#### [Requirement]
Your task is to transcribe exactly, and only, the lines running from the one with "Našumas: 2 ~" to the end of the listing below, inclusive, with every picture left out.

#### [Task material]
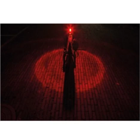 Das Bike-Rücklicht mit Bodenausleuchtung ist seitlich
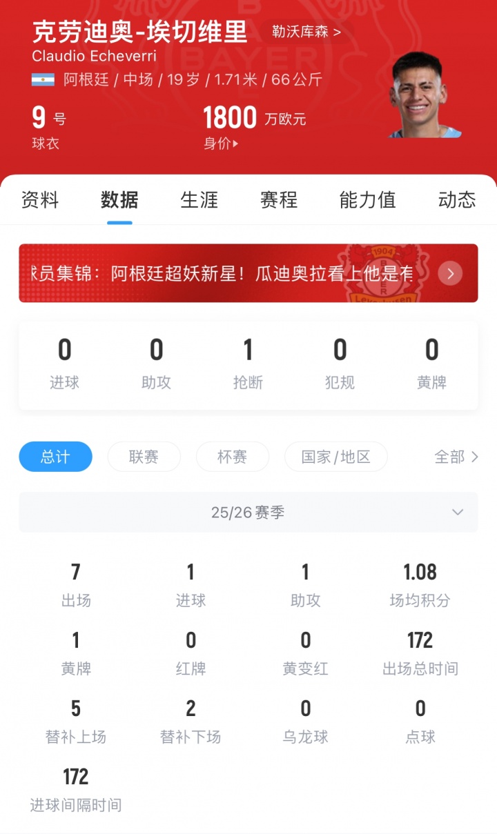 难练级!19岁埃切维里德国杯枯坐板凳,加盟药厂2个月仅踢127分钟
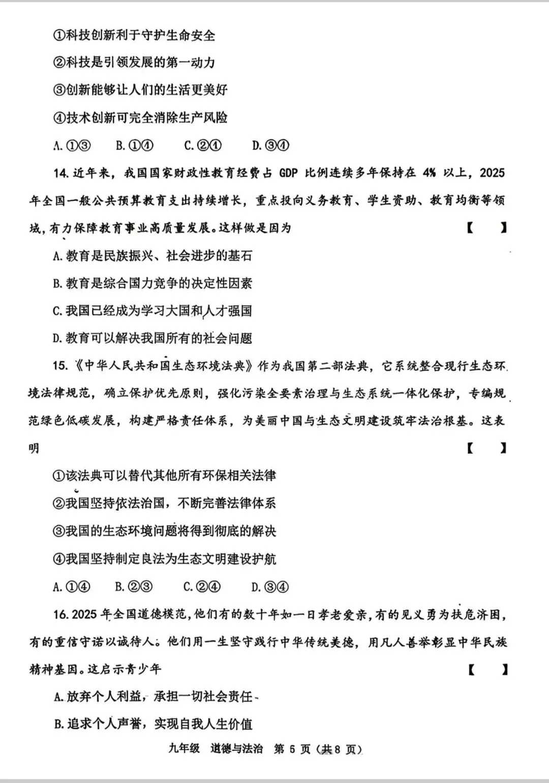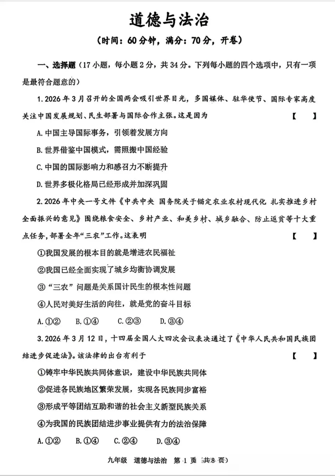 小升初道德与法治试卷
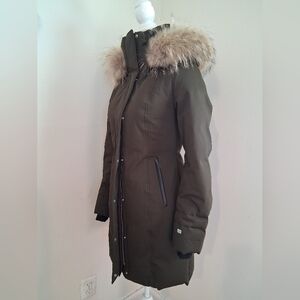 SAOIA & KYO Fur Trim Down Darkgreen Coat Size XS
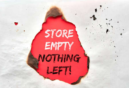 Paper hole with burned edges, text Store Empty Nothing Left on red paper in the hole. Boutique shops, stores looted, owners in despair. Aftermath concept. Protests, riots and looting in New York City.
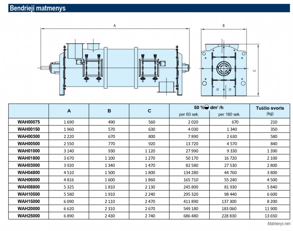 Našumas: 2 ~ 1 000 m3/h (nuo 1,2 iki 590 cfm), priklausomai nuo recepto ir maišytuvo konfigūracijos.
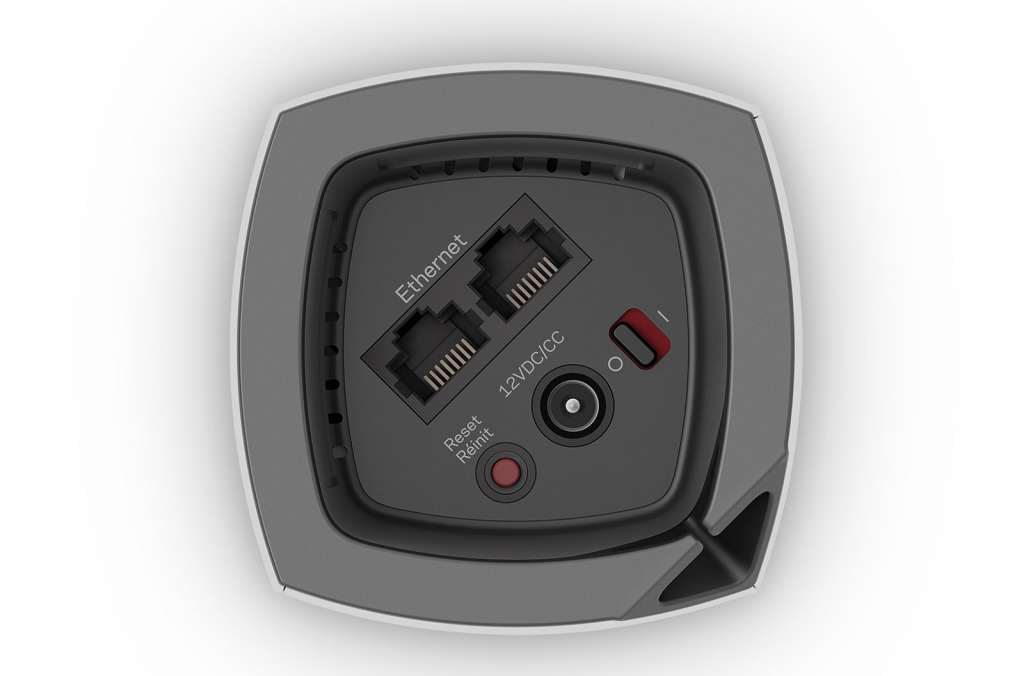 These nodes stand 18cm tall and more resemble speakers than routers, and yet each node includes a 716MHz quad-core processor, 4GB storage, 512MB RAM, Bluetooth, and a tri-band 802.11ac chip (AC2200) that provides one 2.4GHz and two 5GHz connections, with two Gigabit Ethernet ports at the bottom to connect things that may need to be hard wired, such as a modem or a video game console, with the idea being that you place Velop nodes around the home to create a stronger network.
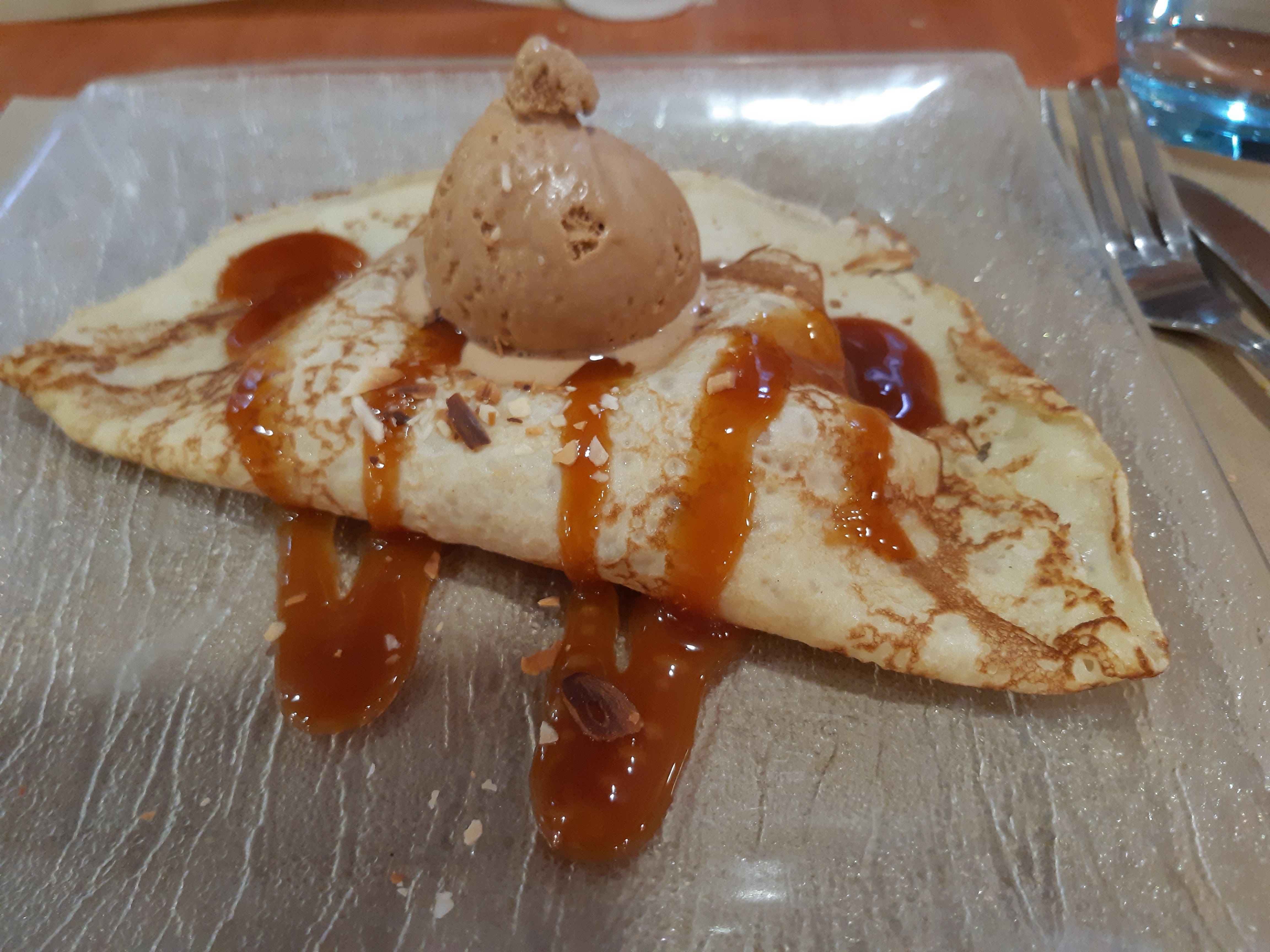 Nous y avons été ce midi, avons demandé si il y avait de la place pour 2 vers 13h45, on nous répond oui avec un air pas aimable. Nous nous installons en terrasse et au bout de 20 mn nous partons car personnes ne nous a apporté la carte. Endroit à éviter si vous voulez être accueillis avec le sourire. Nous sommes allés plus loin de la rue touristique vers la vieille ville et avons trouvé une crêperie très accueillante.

#### [Task answer]
 Našumas: 2 ~ 1 000 m3/h (nuo 1,2 iki 590 cfm), priklausomai nuo recepto ir maišytuvo konfigūracijos.
 These nodes stand 18cm tall and more resemble speakers than routers, and yet each node includes a 716MHz quad-core processor, 4GB storage, 512MB RAM, Bluetooth, and a tri-band 802.11ac chip (AC2200) that provides one 2.4GHz and two 5GHz connections, with two Gigabit Ethernet ports at the bottom to connect things that may need to be hard wired, such as a modem or a video game console, with the idea being that you place Velop nodes around the home to create a stronger network.
 Nous y avons été ce midi, avons demandé si il y avait de la place pour 2 vers 13h45, on nous répond oui avec un air pas aimable. Nous nous installons en terrasse et au bout de 20 mn nous partons car personnes ne nous a apporté la carte. Endroit à éviter si vous voulez être accueillis avec le sourire. Nous sommes allés plus loin de la rue touristique vers la vieille ville et avons trouvé une crêperie très accueillante.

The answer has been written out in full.